Dengan suara roda yang berderit, kereta itu perlahan menjauh.

Jiang Ran berdiri di sana, menonton dan tidak pergi sampai kereta itu menghilang di kejauhan.

Hari ini, Jiang Ran pertama kali mengucapkan selamat tinggal kepada Nenek Cassie, lalu kepada Violet dan Nenek Kelinci. Kesedihan perpisahan memang tidak pernah mudah ditanggung.

Tidak ada internet atau telepon di Dunia Bintang Penjara, dan sistem surat yang digunakan oleh rakyat biasa tidak sempurna. Sangat sulit untuk bertemu kembali setelah berpisah.

Tapi ini juga mengingatkan Jiang Ran pada tujuan kedatangannya di Dunia Bintang Penjara. Apa pun yang terjadi, ia harus menyelesaikan misi dan kembali ke Dunia Bumi untuk menyelamatkan ayah dan keluarganya.

Setelah tersadar, Jiang Ran membuka catatan yang diberikan oleh Nenek Kelinci, yang tertulis:

━━━━━━━━━

Banning, urusan keluarga Feiqi sepenuhnya ada di tanganmu.

Aku tidak punya apa-apa untuk diberikan padamu, dan aku tidak bisa meramalkan masa depanmu.
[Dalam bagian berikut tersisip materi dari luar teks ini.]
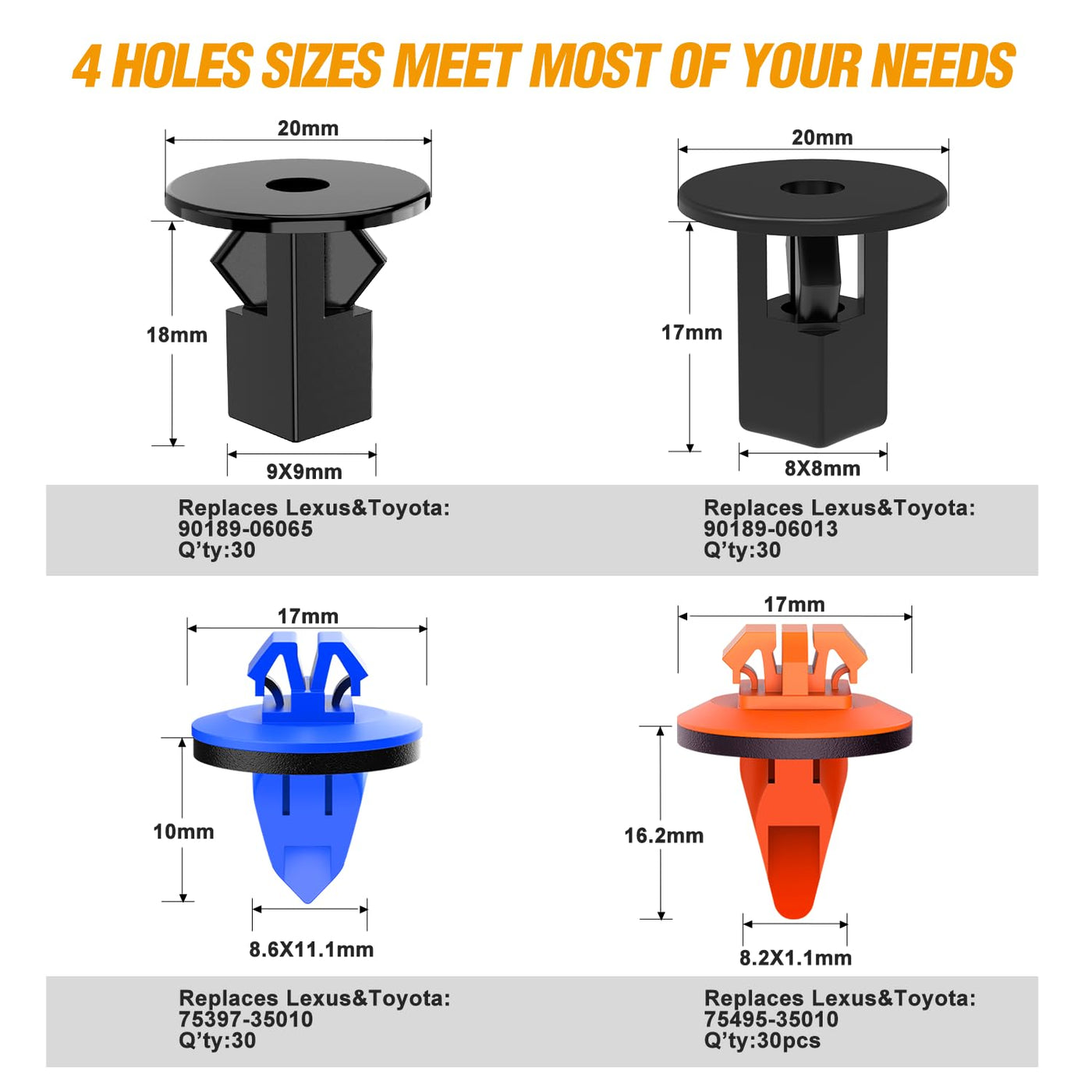 Q: What are the dimensions of the clips in this kit?A: The kit includes various clip sizes, such as 30Pcs with a head diameter of 17mm and stem length of 16.2mm, and other clips with a head diameter of 20mm and a stem length of 18mm, suitable for different installation needs.
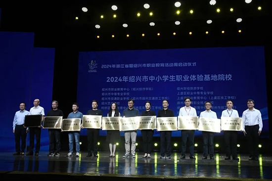 啟動(dòng)儀式上,領(lǐng)導(dǎo)們?yōu)榻B興市中小學(xué)職業(yè)體驗(yàn)基地進(jìn)行授牌。柯橋區(qū)職業(yè)教育中心成功入選。鐘建康書記代表學(xué)校上臺(tái)接受授牌。
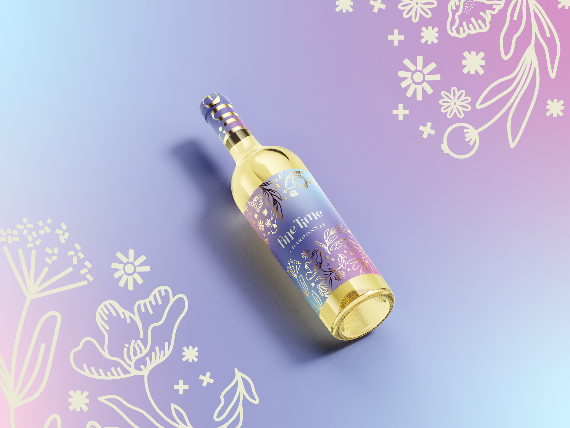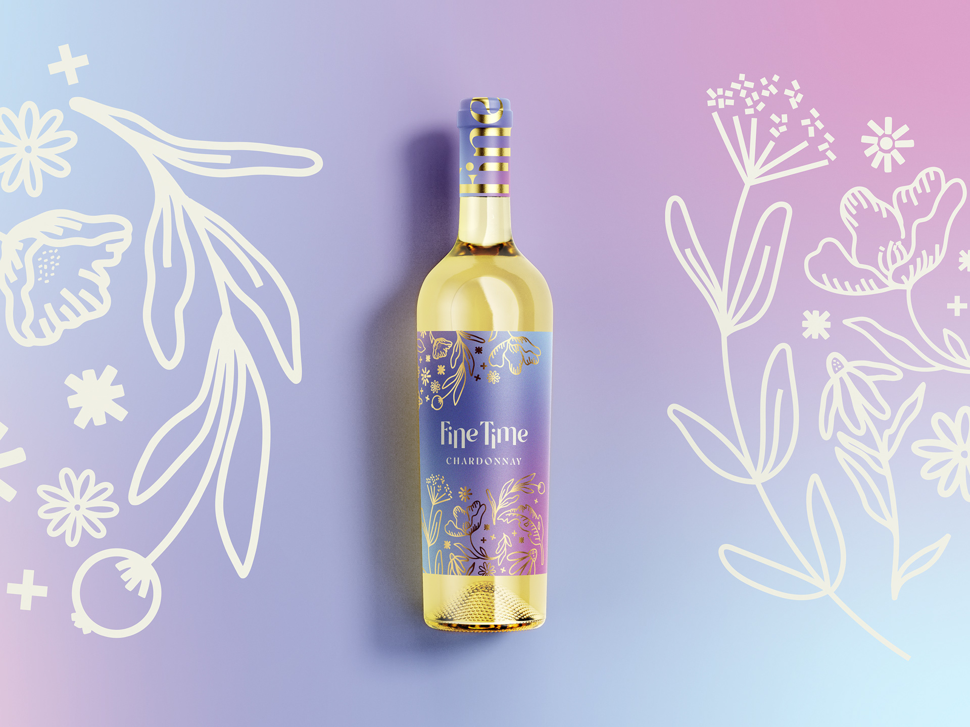 Floral Themed Wine Packaging for Fine Time Chardonnay
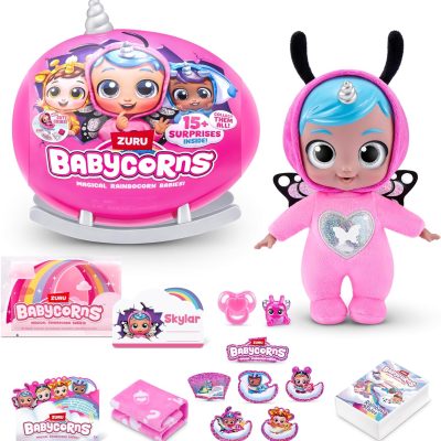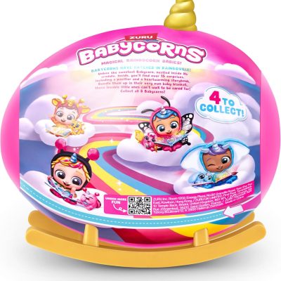 Fullt af spennandi hlutum inni í egginu t.d snuð, lítið lukkudýr, teppi, límiðar og lítil bók.
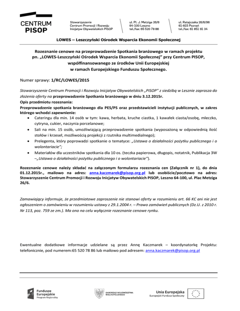 LOWES – Leszczyński Ośrodek Wsparcia Ekonomii Społecznej Rozeznanie cenowe na przeprowadzenie Spotkania branżowego w ramach projektu pn. „LOWES-Leszczyński Ośrodek Wsparcia Ekonomii Społecznej” przy Centrum PISOP, współfinansowanego ze środków Unii Europejskiej w ramach Europejskiego Funduszu Społecznego. Numer sprawy: 1/RC/LOWES/2015 Stowarzyszenie Centrum Promocji i Rozwoju Inicjatyw Obywatelskich „PISOP” z siedzibą w Lesznie zaprasza do złożenia oferty na przeprowadzenie Spotkania branżowego w dniu 3.12.2015r. Opis przedmiotu rozeznania: Przeprowadzenie spotkania branżowego dla PES/PS oraz przedstawicieli instytucji publicznych, w zakres którego wchodzi zapewnienie: Cateringu dla min. 14 osób w tym: kawa, herbata, kruche ciastka, 1 kawałek ciasta/osobę, mleczko, cytryna, cukier, naczynia porcelanowe; Sali na min. 15 osób, umożliwiającą przeprowadzenie spotkania (wyposażoną w odpowiednią ilość stołów i krzeseł, możliwością projekcji z rzutnika multimedialnego); Prelegenta, który poprowadzi spotkanie o tematyce: „Ustawa o działalności pożytku publicznego i o wolontariacie”; Materiałów dla uczestników spotkania dla 10 os. (teczka papierowa, długopis, notatnik, Publikacja 3W –„Ustawa o działalności pożytku publicznego i o wolontariacie”). Rozeznanie cenowe należy składać na załączonym formularzu rozeznania cen (Załącznik nr 1), do dnia 01.12.2015r., mailowo na adres: [email protected] lub osobiście/pocztowo na adres: Stowarzyszenie Centrum Promocji i Rozwoju Inicjatyw Obywatelskich PISOP, Leszno 64-100, ul. Plac Metziga 26/6. Zamawiający informuje, że przedmiotowe zaproszenie nie stanowi oferty w rozumieniu art. 66 KC ani nie jest ogłoszeniem o zamówieniu w rozumieniu ustawy z 29.1.2004 r. – Prawo zamówień publicznych (Dz.U. z 2010 r. Nr 113, poz. 759 ze zm.). Ma ono na celu wyłącznie rozeznanie cenowe rynku. Ewentualne dodatkowe informacje udzielane są przez Annę Kaczmarek – koordynatorkę Projektu: telefonicznie, pod numerem:65 520 78 86 lub mailowo pod adresem: [email protected] LOWES – Leszczyński Ośrodek Wsparcia Ekonomii Społecznej Załącznik nr 1 Formularz rozeznania cen nr 1/RC/LOWES/2015 na przeprowadzenie Spotkania branżowego I. Dane wykonawcy 1 Nazwa wykonawcy 2 Adres 3 Osoba do kontaktów roboczych 4 E-mail LP. 1 2 3 4 Nazwa przedmiotu rozeznania Tel./fax Specyfikacja kawa/herbata dla każdego z 14 uczestników; kruche ciasteczka; ciasto Catering dla uczestników spotkania domowe - 1kawałek ciasta/osobę; branżowego w dniu 3.12.2015r mleczko; cytryna; cukier; naczynia porcelanowe; woda mineralna niegazowana 0,5 l/osobę Jednostka miary usługa Sala da uczestników spotkania branżowego Sala zlokalizowana na trenie Miasta Leszna dla min. 15 osób z zapewnieniem niezbędnej infrastruktury do przeprowadzenia spotkania (wyposażona w stoły, krzesła w odpowiedniej ilości dla 15 osób, oraz możliwość projekcji multimedialnej - wyposażona w rzutnik oraz ekran) usługa Prelegent Osoba posiadająca wiedzę i przygotowanie trenerskie do przeprowadzenia spotkania nt: „Ustawa o działalności pożytku publicznego i o wolontariacie” godzina (45 min.) 1 zestaw: teczka papierowa, długopis, notatnik, Publikacja 3W - "Ustawa o Materiały dla uczestników spotkania działalności pożytku publicznego i o wolontariacie" - dla łącznie 10 os.=10 zestawów zestaw Cena brutto (zł)

Namun, hari ini aku telah meramalkan “Peringatan Posisi Bintang” milikmu, yang cukup abstrak. Hanya kau yang bisa menginterpretasikan apa artinya.

– Peringatan Bintang – Banning

Jangan menginginkan tarian cahaya kupu-kupu; kupu-kupu hitam adalah pelayan ular;

Jangan abaikan jeritan rusa, rusa putih suci adalah utusan Tuhan.

━━━━━━━━━

Apakah ini… semacam peringatan dan… pengingat?

Jiang Ran membaca “Peringatan Bintang” ini beberapa kali. Ia tidak tahu banyak tentang beberapa gambar, seperti kupu-kupu dan rusa putih, tetapi ia sedikit akrab dengan gambaran ular.

Mari kita kembali ke hotel dan beristirahat sambil berpikir.

Sudah larut, dan Jiang Ran tidak ingin berdiri di luar dan menyia-nyiakan waktu, tetapi berbicara tentang hotel… itu mengingatkannya pada apa yang ia katakan kepada Amelia hari ini.

—”Amelia, mungkin ada sisa-sisa kekuatan walikota… Rumahmu tidak aman belakangan ini. Jika kau tidak keberatan, tinggal di hotel bersamaku.”